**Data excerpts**
=======

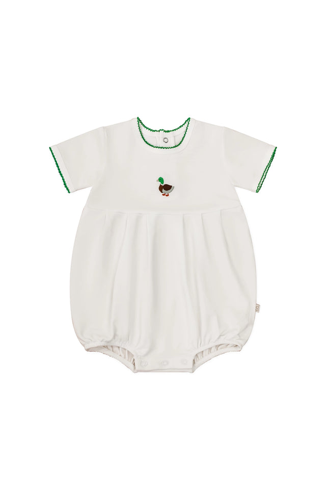 Mallard Pip Embroidered Bubble Romper - 0-3m is backordered and will ship as soon as it is back in stock.
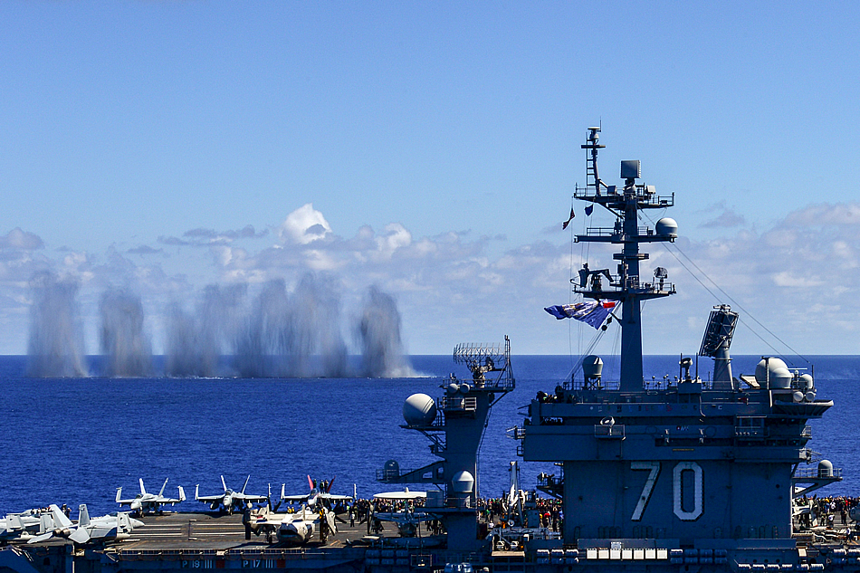 PACIFIC OCEAN (May 31, 2015) Sailors watch as ordnance is detonated during an air-power demonstration near aircraft carrier USS Carl Vinson (CVN 70). Carl Vinson and its embarked air wing, Carrier Air Wing (CVW) 17, are in the U.S. 3rd Fleet area of operations returning to homeport after a deployment to the U.S. 5th and 7th Fleets. (U.S. Navy Photo by Mass Communication Specialist 3rd Class Eric Coffer)
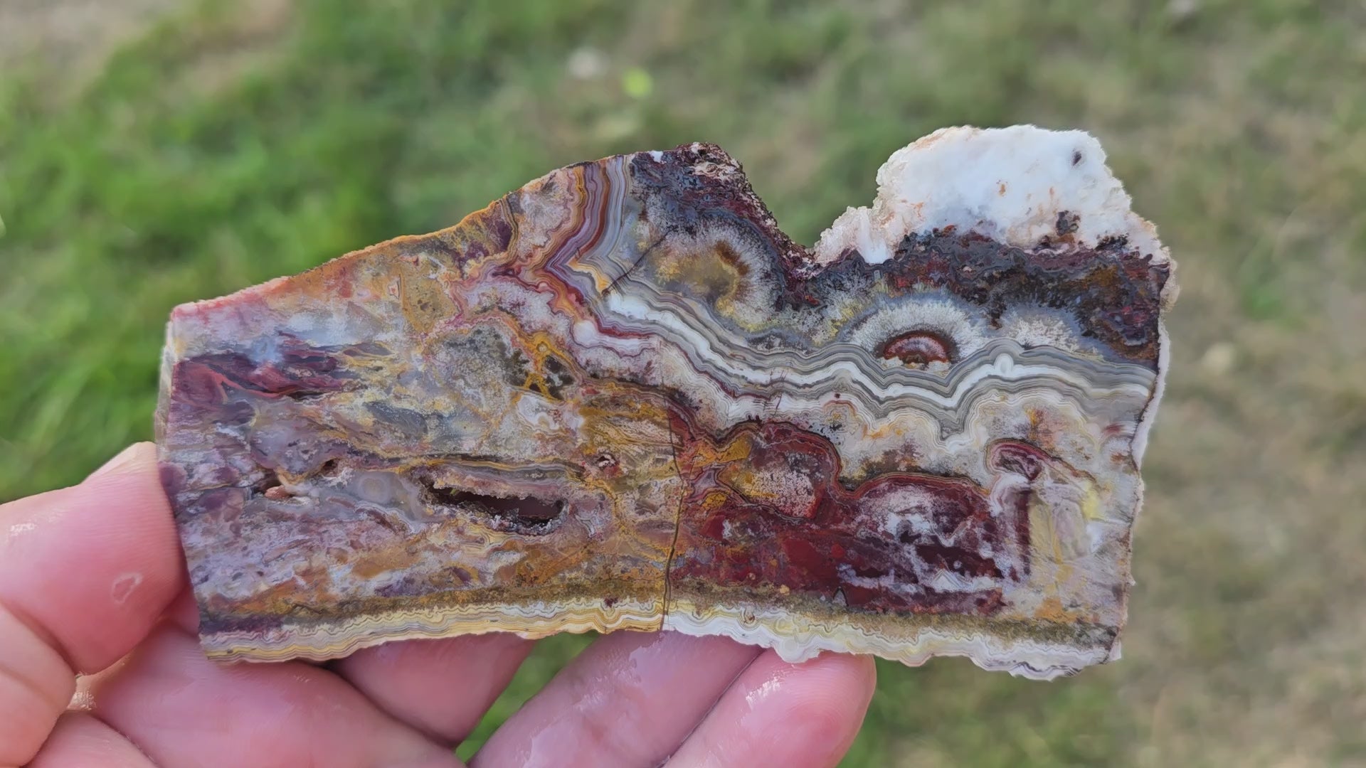 This slab displays an interesting contrast of red versus orange coloration separated by a hairline fracture down the middle, creating a natural yin-yang effect along the same pattern lines. This would make a remarkably unique cabochon. It also features a neat druzy pocket that appears to be smoky quartz, adding natural character.
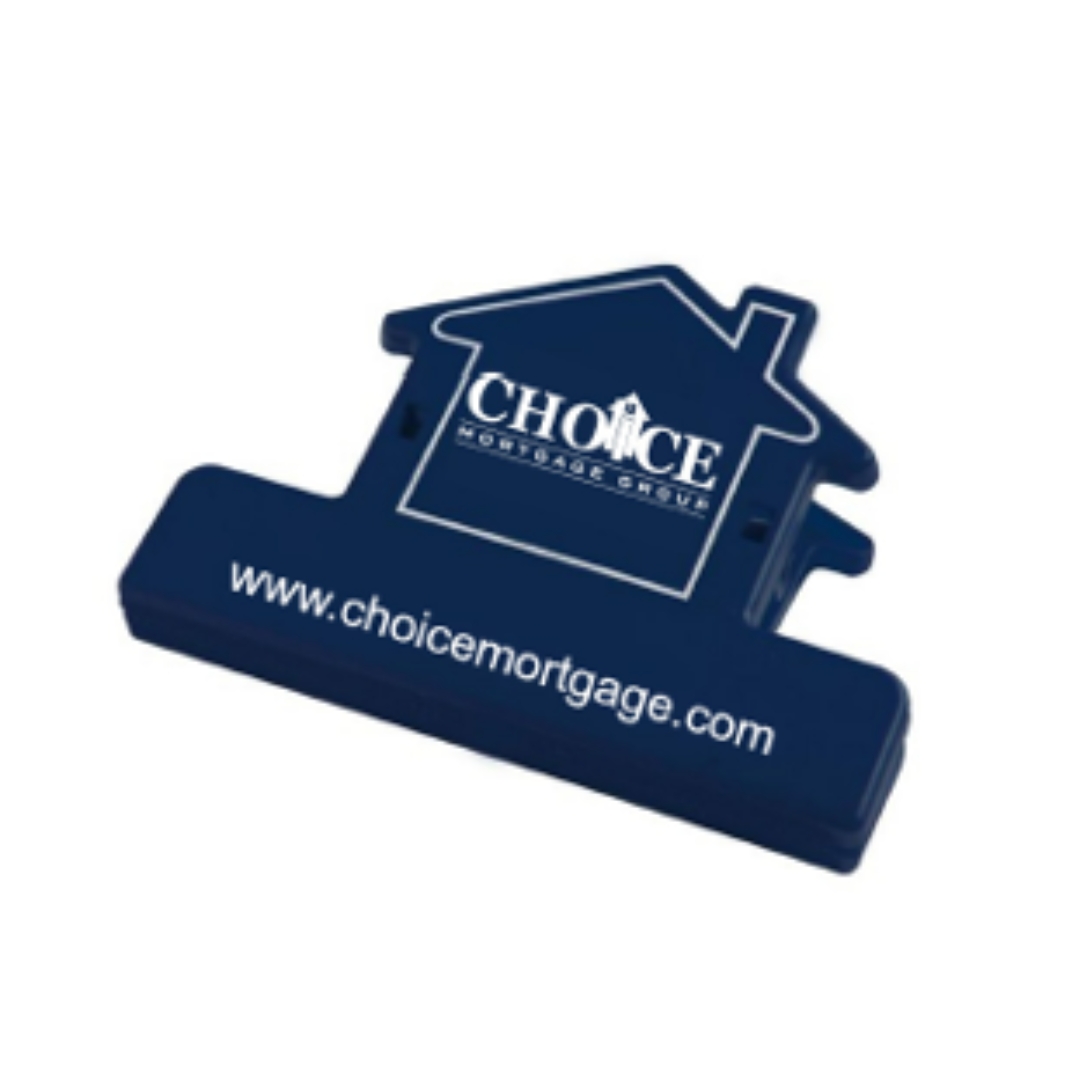 Sturdy house-shaped clip for sealing food bags or organizing papers. 250 minimum quantity.
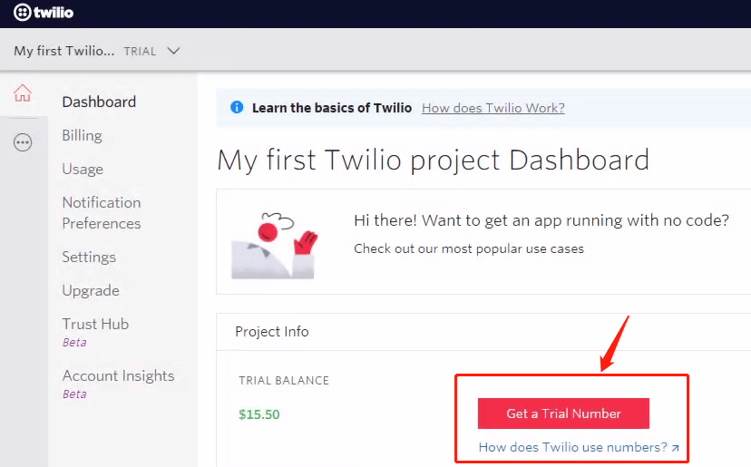 Take Twilio as an example. On their website, sign up, login in, then you will get to your dashboard:
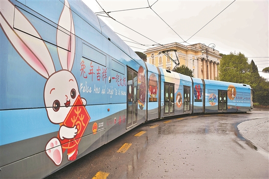 当地时间1月17日,兔年春节主题电车亮相意大利首都罗马,庆祝即将到来的中国农历新年。新华社记者 金马梦妮 摄
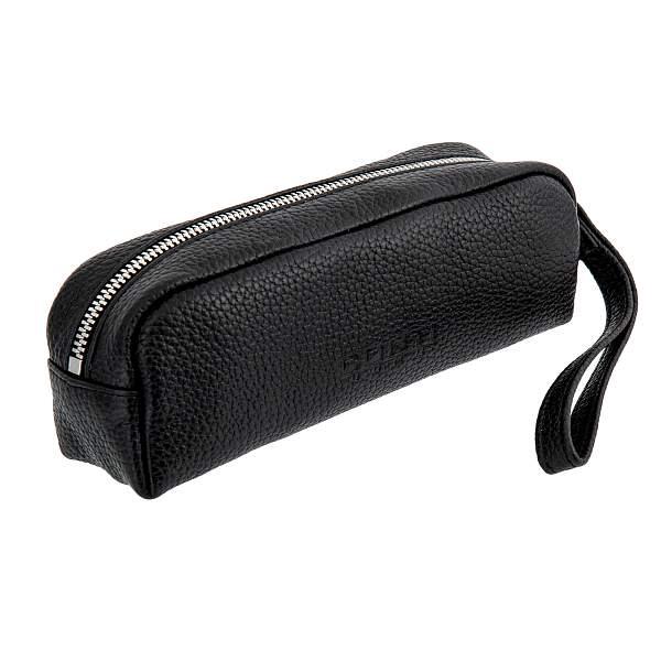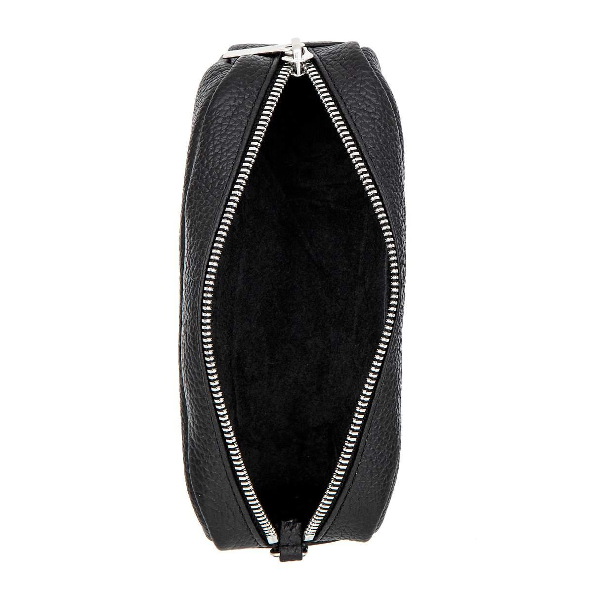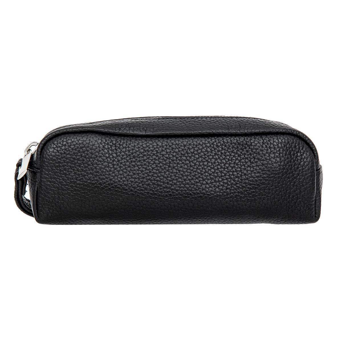 Женская косметичка из натуральной кожи черного цвета с изысканной зернистой фактурой.

=======

**Aim of the exercise**
A word-for-word copy of the lines from the one containing "PACIFIC OCEAN (May" through the last line of the records is what is wanted, without pictures and without any other line.

**Expected answer**
 PACIFIC OCEAN (May 31, 2015) Sailors watch as ordnance is detonated during an air-power demonstration near aircraft carrier USS Carl Vinson (CVN 70). Carl Vinson and its embarked air wing, Carrier Air Wing (CVW) 17, are in the U.S. 3rd Fleet area of operations returning to homeport after a deployment to the U.S. 5th and 7th Fleets. (U.S. Navy Photo by Mass Communication Specialist 3rd Class Eric Coffer)
 This slab displays an interesting contrast of red versus orange coloration separated by a hairline fracture down the middle, creating a natural yin-yang effect along the same pattern lines. This would make a remarkably unique cabochon. It also features a neat druzy pocket that appears to be smoky quartz, adding natural character.
 Sturdy house-shaped clip for sealing food bags or organizing papers. 250 minimum quantity.
 Take Twilio as an example. On their website, sign up, login in, then you will get to your dashboard:
 当地时间1月17日,兔年春节主题电车亮相意大利首都罗马,庆祝即将到来的中国农历新年。新华社记者 金马梦妮 摄
 Женская косметичка из натуральной кожи черного цвета с изысканной зернистой фактурой.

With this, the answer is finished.